I've been married to my wife for 23 years had 3 children and they have all grown up and left home. My wife has mental illness, something I found out after we got married, during her many many lapses into psychosis, I've been attacked more times than I can count I tried my best to give my children the best upbringing but they are angry at me for staying. I stayed because I would have lost my children to her, I would have lost my house I paid for, I had zero support, you can imagine, no one wants to be associated with chronic illness The law is not on the man side.
I have as nurse has taken care of people inpatient psych hospitals. Alot of patients have reported to me that the meds side effects are the reason why they stopped taking their meds. I hope one day your children will understand you. I commend you for sticking to your vows because you could have gotten a divorce. People with mental illness need not just medication they need a support system along with therapy. Next time your children give you grief over staying with your wife. Tell them how would they like to be diagnosed with schizophrenia (I don't know your age) a mental disorder that usually affects young adults in their prime, should you have left them or kicked them out. Good luck
My hubby is diagnosed Bipolar and has really really bad days, ya know what he does when that happens? He blares music and does his best not to communicate with me beyond text messages because he knows he gets loud and it makes me nervous due to how i was raised. He doesn't take meds. He simply does his best to be aware and not take it out on me. if you can't control your hands due to bipolar or not, you need to put forward more effort before getting into a relationship unless the person your with is Capable of helping you with that.
Bipolar and NPD are often misdiagnosed as the other. Her deflection and victim mentality, plus the fact that she physically ( and more than likely, psychologically, emotionally) abused that man points to something deeper and more malevolent than just Bipolar disorder.
I have a question... The person paying the child support always has to reimburse the full amount for medical insurance, instead of them sharing that cost equally. What is the reasoning behind it? Just curious.

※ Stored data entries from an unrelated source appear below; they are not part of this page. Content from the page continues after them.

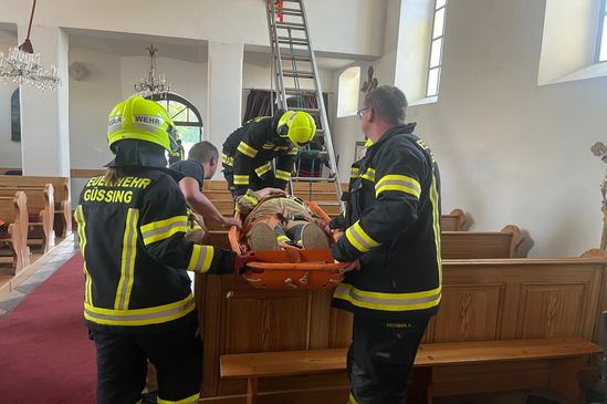 Eine Person wurde über die Chorstiegen mithilfe der Schleifkorbtrage abgeseilt. Die zweite verletzte Person wurde vom Glockenturm über Leitern ebenfalls mittels Schleifkorbtrage gerettet.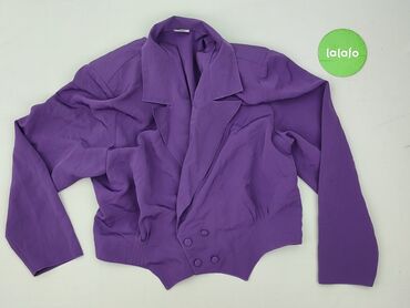Damska marynarka żakietowa, czarna, z fioletową podszewką. - Krój: wydłużony, jednorzędowy - Zapięcie: 5 guzików z przodu - Kołnierz: klasyczne klapy - Kieszenie: dwie przednie, poziome - Materiał:...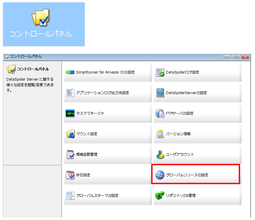 Studioの左下にある、「コントロールパネル」アイコンをダブルクリックし、「グローバルリソースの設定」を選択します。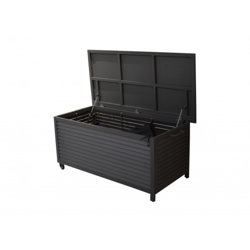 Cassapanca in alluminio con 2 ruote per facilitare gli spostamenti.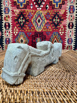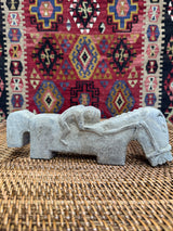 Hand carved sandstone horse and rider from Timor, Indonesia, we always believe that every room can use a whimsical critter - this horse and rider is fabulous inside or out on a table or shelf.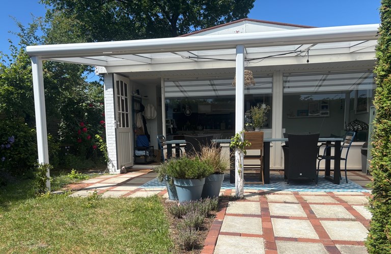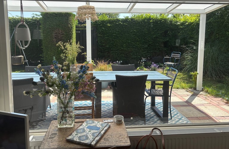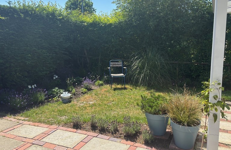 Der Garten liegt nach Süden und bietet verschiedene Terrassen, auf denen Sie die Sonne genießen können. Es gibt eine große Veranda am Haus, auf der Sie sich an kühleren Sommerabenden gemütlich entspannen können. Hier fühlen Sie sich wie alleine auf der Welt, denn der Garten ist sehr geschützt und bietet viel Privatsphäre.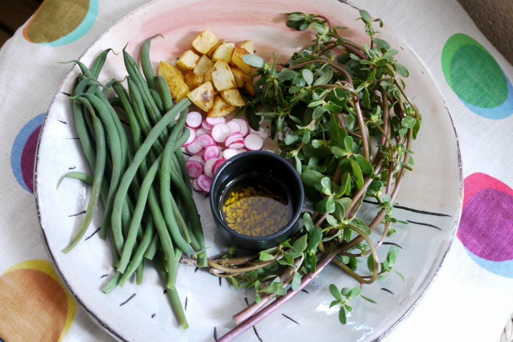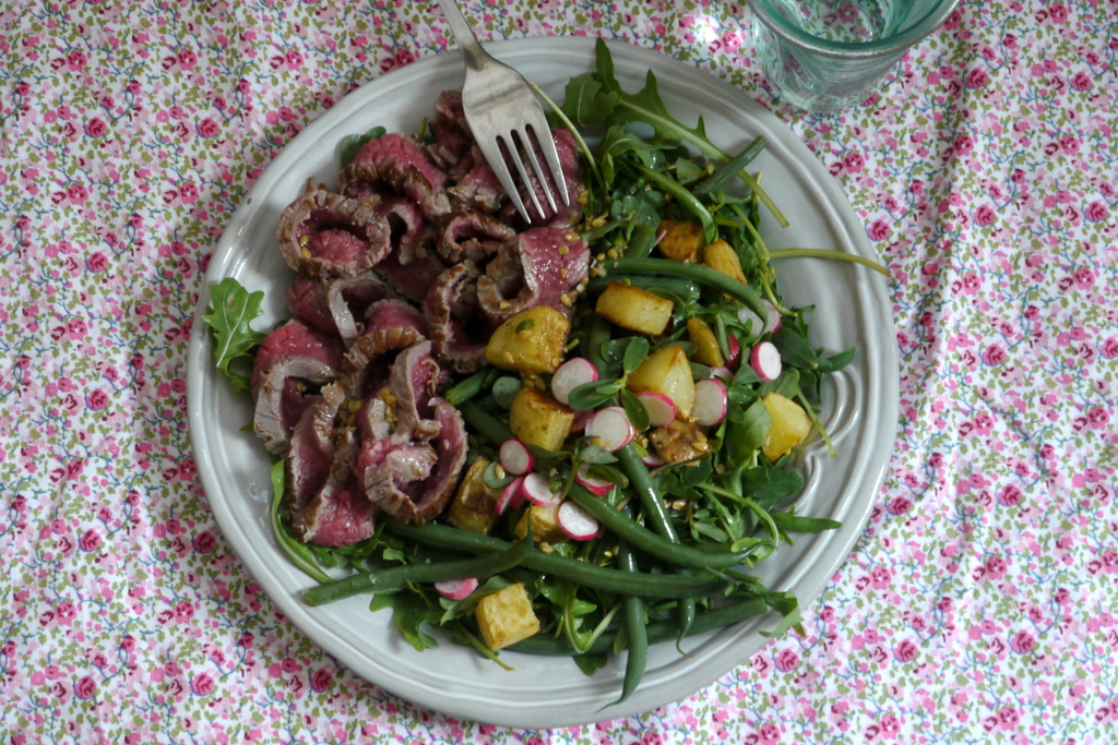 3 Responses to Salade pommes de terre au bœuf, roquette et pourpier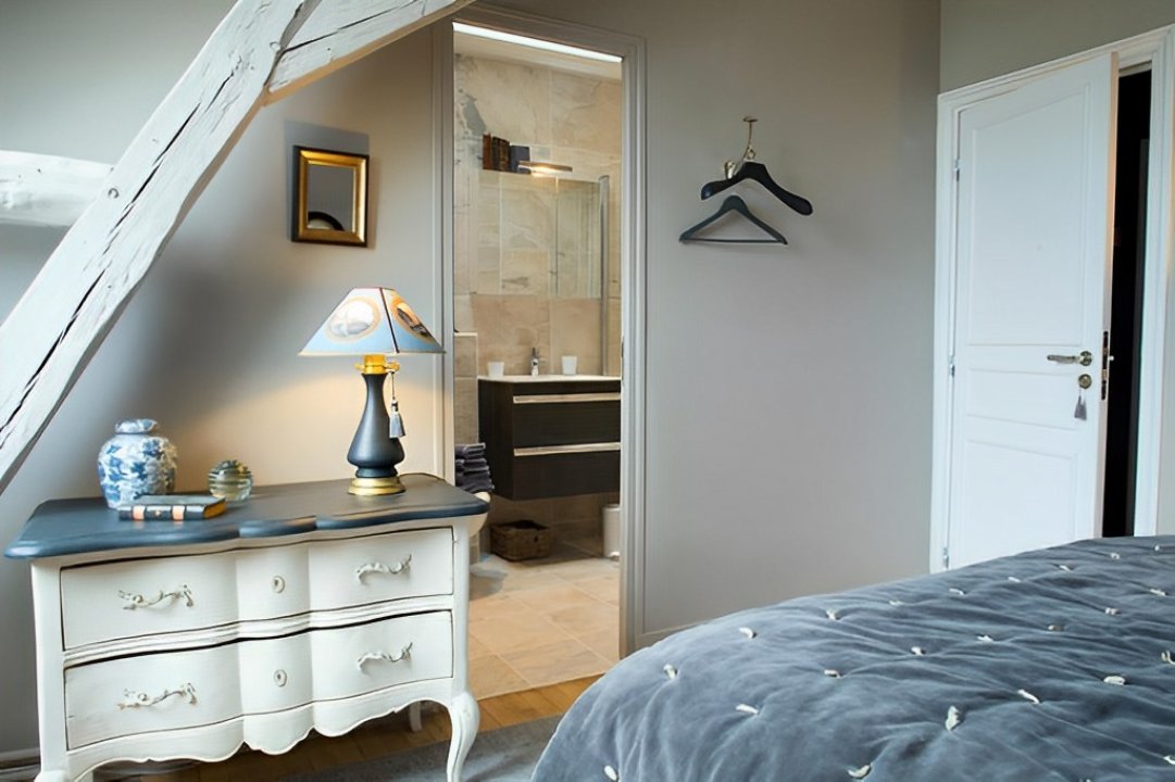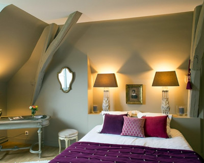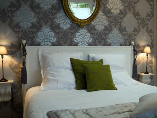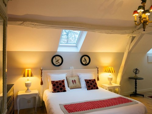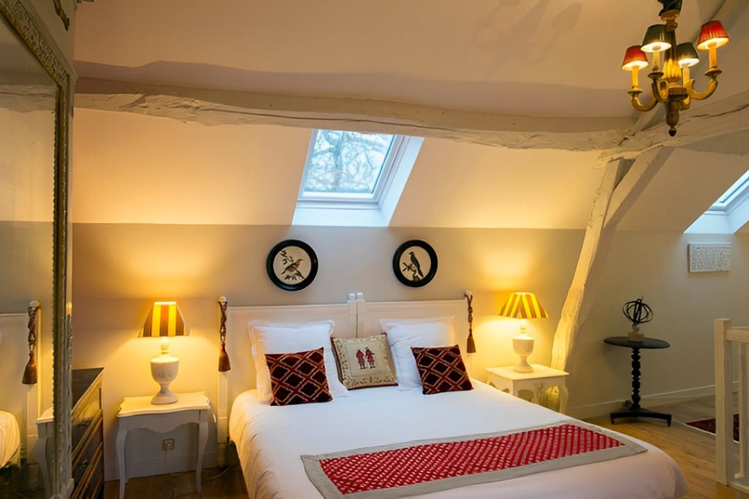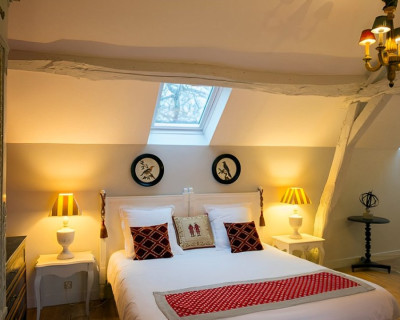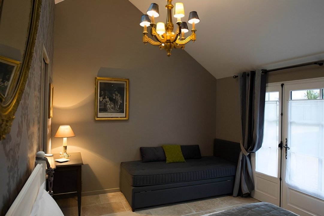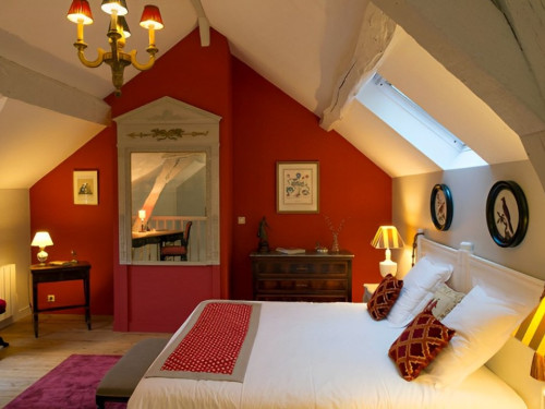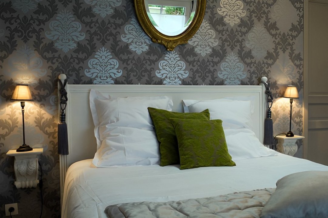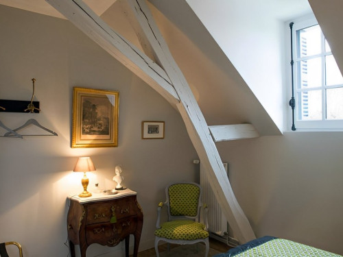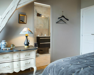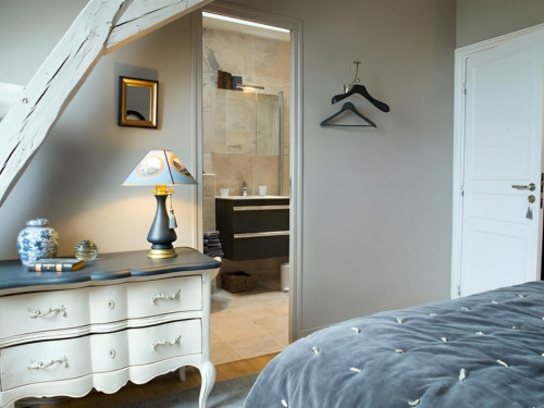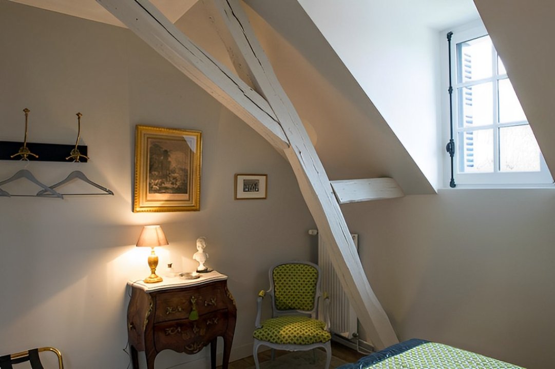C'est la plus petite chambre de la maison. Les gravures et miroirs dorés lui apportent un coté précieux, le vert franc des fauteuils, chemin de lit, coussin et passementeries ajoutent une touche de fantaisie et de modernité.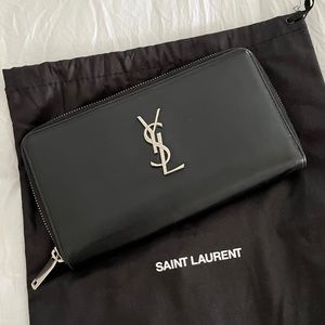 Authentic Preloved Saint Laurent Zip Around Wallet/Clutch. This versatile piece holds so much. It can be used as a large Wallet or small clutch. There are 2 listings for this. Please see both listings because the photos are the best description.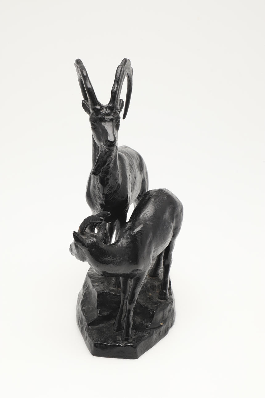 A RUSSIAN CAST IRON MOUNTAIN GOAT GROUP.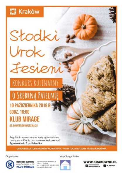 Osoby chętne, by podzielić się swoim najlepszym przepisem na ciasto w jesiennym klimacie i wziąć udział w konkursie proszone są o zgłaszanie uczestnictwa w Klubie Mirage Ośrodka Kultury Kraków-Nowa Huta (os. Bohaterów Września 26) do 3 października. Szczegóły konkursu w Regulaminie dostępnym w Klubie oraz na stronie internetowej www.krakownh.pl.
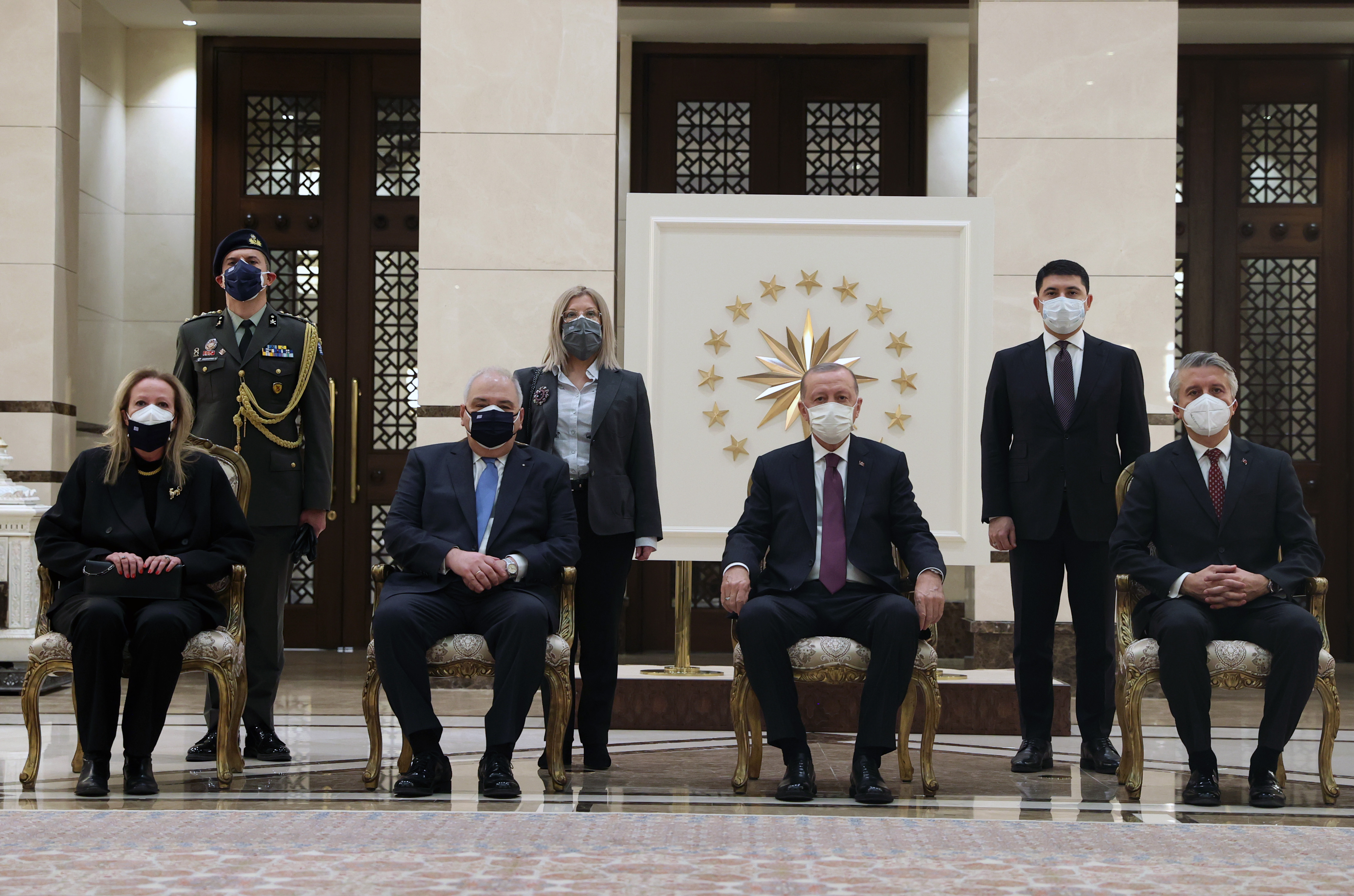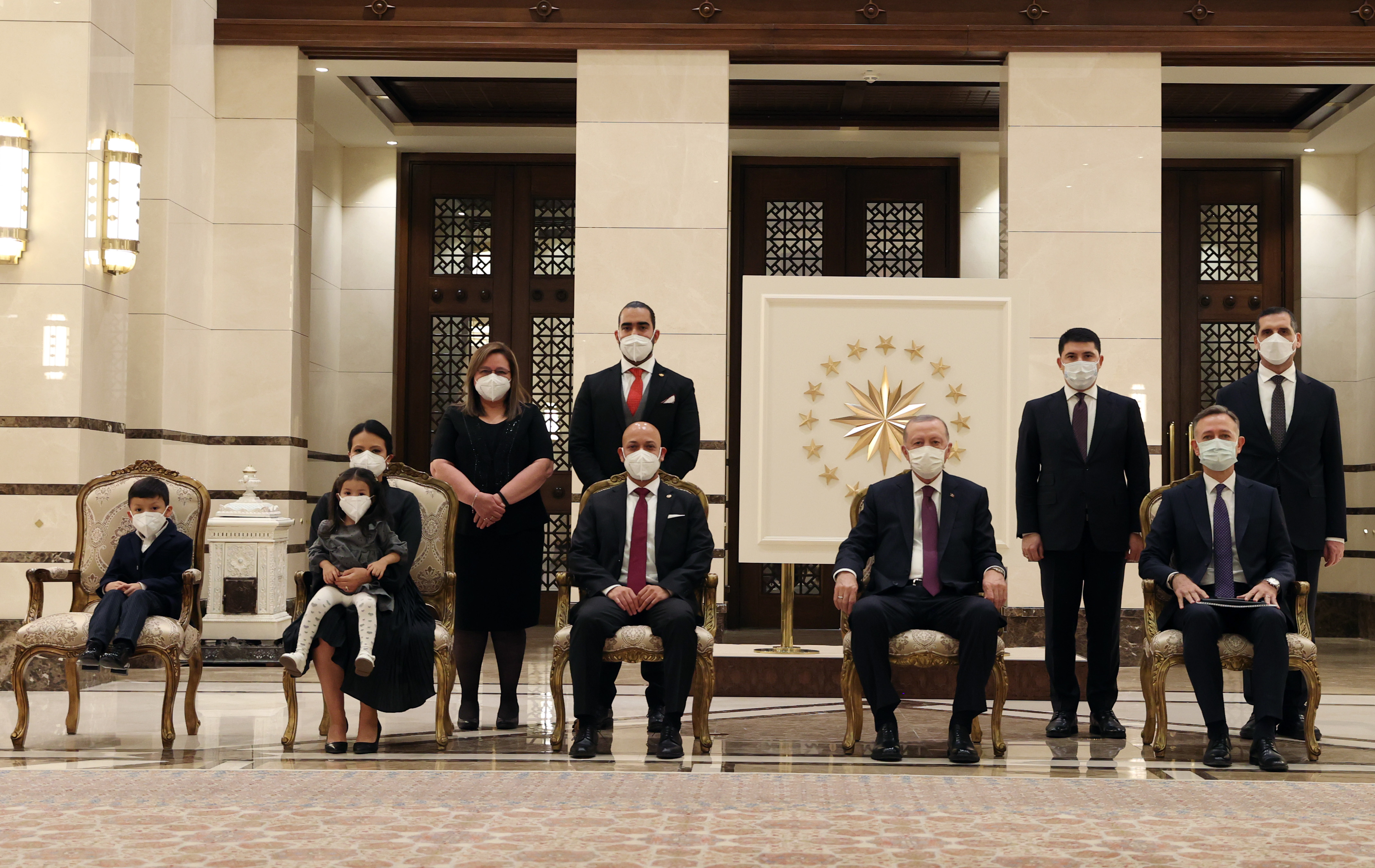 Büyükelçilerin eşleri ve çocukları ile bazı büyükelçilik mensuplarının Cumhurbaşkanı Erdoğan'a takdiminin ardından hatıra fotoğrafı çektirildi.
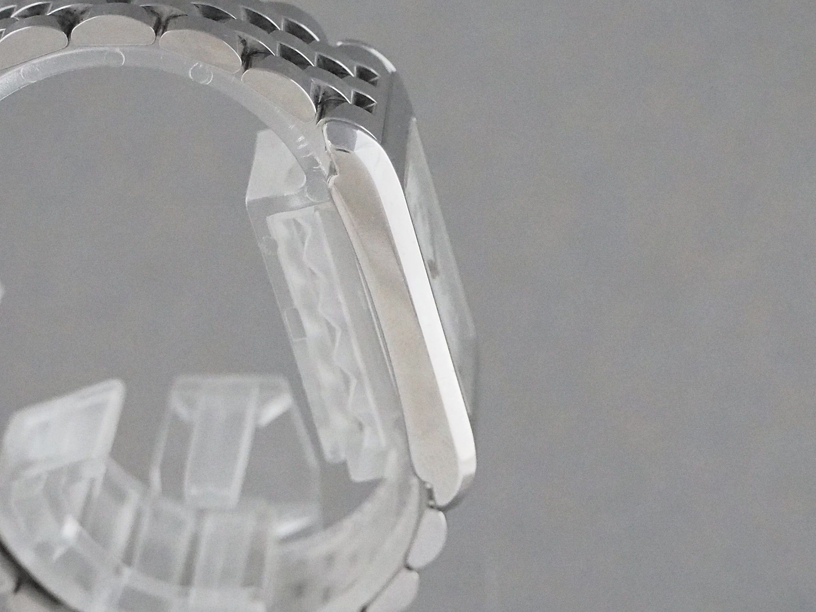 『クラシック』シリーズは透明感のあるエナメル調の文字盤が特徴的で、ケース幅20mmの程よいサイズでぴったりと腕元に収まります。インデックスの白抜きのアラビア数字はさらっと軽やかな印象で、鏡面仕上げのケースとともにティファニーらしい上品さを感じさせます。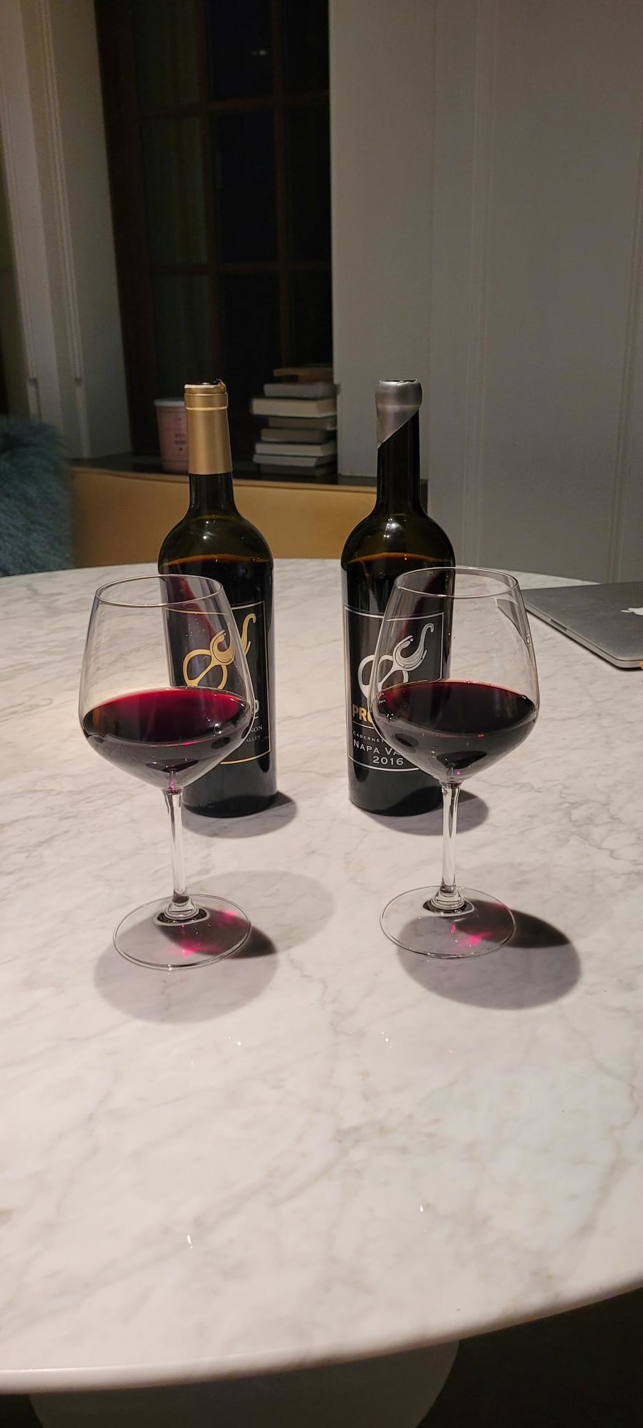 The Prohibido 2016 on the nose was more red fruits such as raspberries, with a background hay-like note, the way some people describe saffron. On tasting, we noted blackberries, smoke, leather, a fair bit of acid, and “warmth,” with a moderately long finish. Although on PnP there was some classic Cab bell pepper, that mellowed out along with the tannins by our second and third tastings, replaced with cherry cola and dried fruits, along with perhaps some ancho chile. It paired especially well with our dinner venison steak au poivre (i.e., I ground a fistful of pepper into some leftover gravy), and with a well-aged mimolette cheese.

This couple seems really sweet. They both are honest and didn’t argue about anything despite mom being bi polar. She was honest about that and got a better job. I believe these two could end up back together and not be in this tough situation anymore
She was so abusive she has to have supervised visits. If a spouse hits, smacks, throws things or is violent; the other partner should not get back together. If he gets back together with her the child should be removed from their custody.
Me personally i would feel less of a man to take the mother of my kids to court and ask for child support. I am the provider. Like i said me personally but to each his own.
Even though it’s scripted, it does hit very real life situations. I find it interesting that in Texas they require Medicaid for a child be repaid. I think that’s brilliant!